The impact: Morgan was at the 17-yard line and likely would have picked up a few more yards. It did not cost them points, but it would have set up a better third down situation. Next play: sack.

10. Third and four, Redskins’ 43, fourth quarter. Griffin throws a quick pass to Moss at the Steelers’ 49-yard line. Moss jumps, but is able to catch it in the middle of his body. But he’s hit as he cradles the ball and it’s jarred free.

The impact: It cost the Redskins time as much as anything. The Redskins picked up a first down on the next play. However, it took them another minute to go past where Moss was when he dropped the ball. A huge impact? Not really because the Redskins didn’t score on this drive and they managed to continue the series.
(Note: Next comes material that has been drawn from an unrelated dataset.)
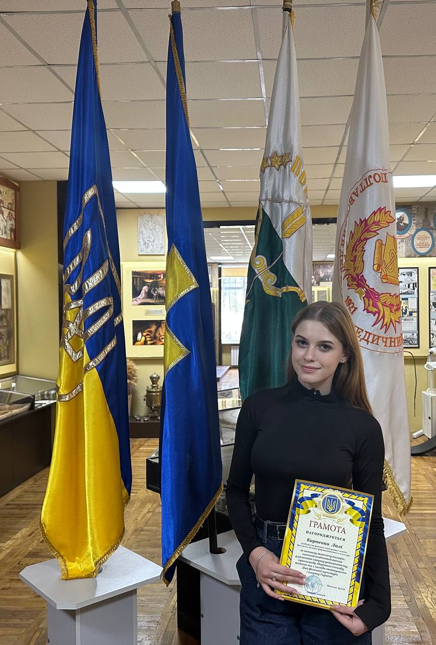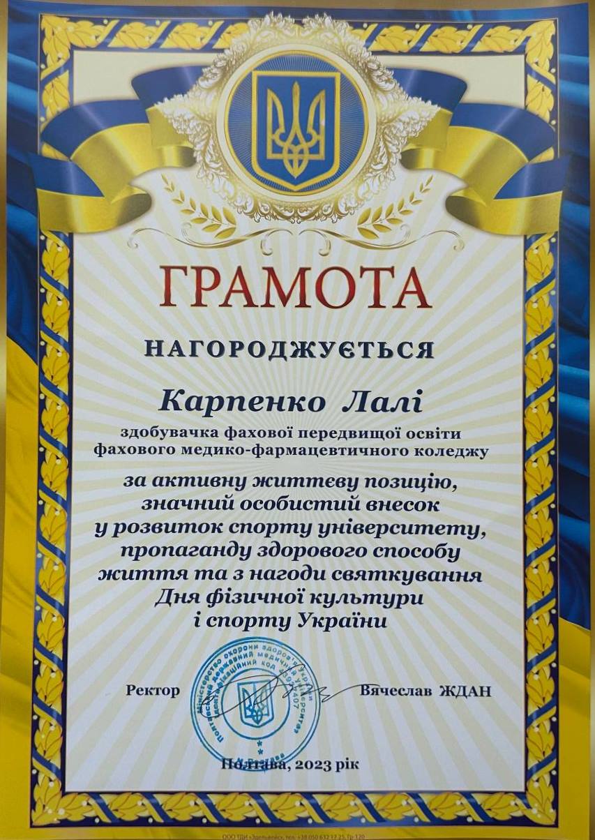З нагоди відзначення Міжнародного дня фізичної культури та спорту здобувачку освіти ОПП Фармація, промислова фармація Карпенко Лалі за активну життєву позицію, значний особистий внесок у розвиток спорту університету, пропаганду здорового способу життя нагороджено грамотою ректора ПДМУ.
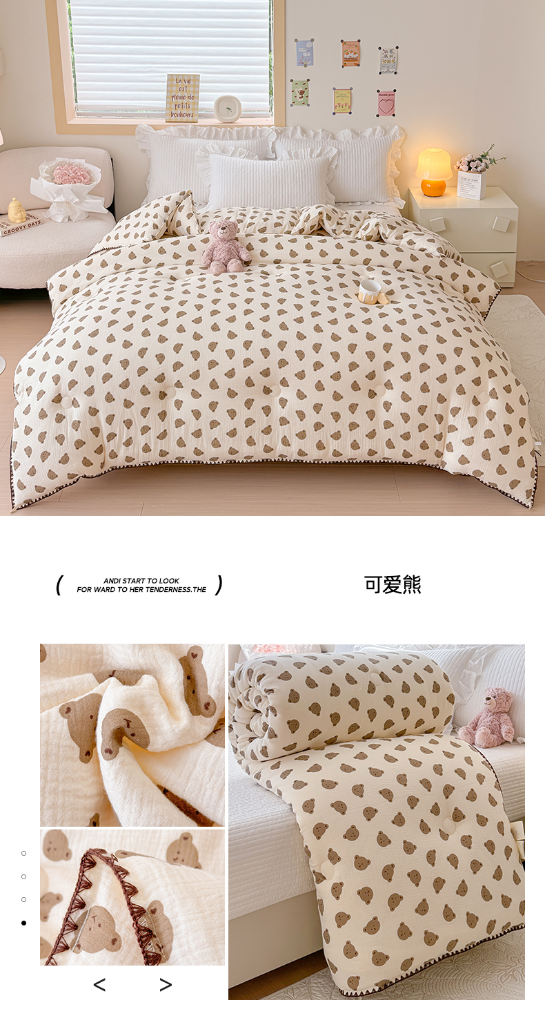 • 91家纺网 家纺一手货源 找家纺 芯恋家居 2025新款秋冬款母婴级全棉皱皱双层纱大豆被春秋被加厚大豆被 可爱熊

11. First and 10, Redskins’ 37, fourth quarter. Griffin is under duress on another bootleg and must elude LaMarr Woodley deep in the backfield. He does, but then more pressure is coming so he flings the ball to Darrel Young while going into a slide. It’s slightly behind Young, but that’s understandable given the pressure. Young drops the ball.

The impact: Young dropped the ball at the 35; he might have gotten to the 40 before the Steelers would have had a tackle attempt. The Redskins still drove downfield so it wasn’t a big impact.

12. First and 10, Steelers’ 17, fourth quarter. This isn’t a drop, but it’s the same as one. Hankerson runs a shallow crossing route but doesn’t look for the ball until the last second, almost as if he wasn’t anything other than a decoy. He puts up his left hand just as the ball crosses his face.

The impact: Hankerson would have caught the ball at the 15 with room to run. He might have been able to pick up a first down. So this was another key miss as the Redskins ended up failing to get another first down and turned the ball over on downs.

13. Fourth and 17, fourth quarter. Three plays after Hankerson’s miss came another. This time Griffin threw to a covered Moss, who couldn’t hang onto the ball. A tough catch in traffic, but it hit his hands.

The impact: None. Had Moss caught the ball he had two defenders on him and would have been stopped two yards shy of a first down. One way or another the Steelers were getting the ball back.